The lazy what? We’re having a bit of trouble with this concept. The flabby rocket? The slovenly meteor? The obese bullet? The chronically demotivated sex missile? Let’s just say that the brainstorming session for this Vauxhall Ventora ad pitch must have been a blast. The top gear flexibility for town traffic driving has us at a bit of a loss though.
Given the advertising watchdogs’ determination to stamp down on any promotion that seems to be promoting furious driving, we love an ad like this that features the BMW 2002 looming large in the rear view, clearly letting everything hang out. Interesting how the ad quotes 0-50mph times too. Wonder when that disappeared?
Logic would appear to have little to do with the purchase of a Reliant three wheeler. Expediency would be a more pressing reason, given that they were largely bought by British drivers unable to pass a driving test and who could legally drive them on a bike licence. We’re informed in this ad that because they’re glass fibre, Reliants will never rust. Drive one over an inspection pit and check the underside though!

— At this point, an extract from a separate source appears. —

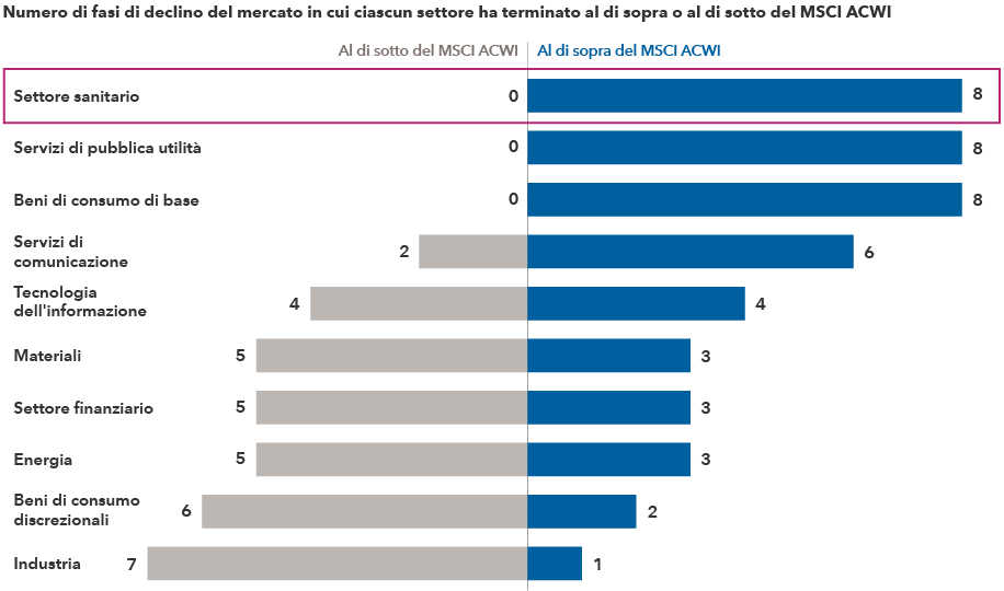 Fonti: Capital Group, FactSet, MSCI. Include i rendimenti totali dei settori del MSCI ACWI degli ultimi otto periodi durante i quali l’S&P 500 ha subito un calo di oltre il 15% in termini di rendimento totale. Il mercato ribassista del 2022 viene considerato attuale al 30 giugno 2022 ed è incluso in questa analisi. I periodi inclusi nell’analisi di cui sopra sono: 17 luglio 1998 – 31 agosto 1998; 24 marzo 2000 – 9 ottobre 2002; 9 ottobre 2007 – 9 marzo 2009; 23 aprile 2010 – 2 luglio 2010; 29 aprile 2011 – 3 ottobre 2011; 3 ottobre 2018 – 24 dicembre 2018; 19 febbraio 2020 – 23 marzo 2020 e 3 gennaio 2022 – 30 giugno 2022.

Right. Must stress end user benefits. "This vehicle has greater power because it has a new suction and exhaust branch, double carburator with new engine control levers…rectangular headlight with a possibility of quick adjustment of height of light rays." It’s hard to refuse. Capping it off with a picture that looks as if the owner is pushing the car only adds to the appeal of these agricultural Yugoslavian confections.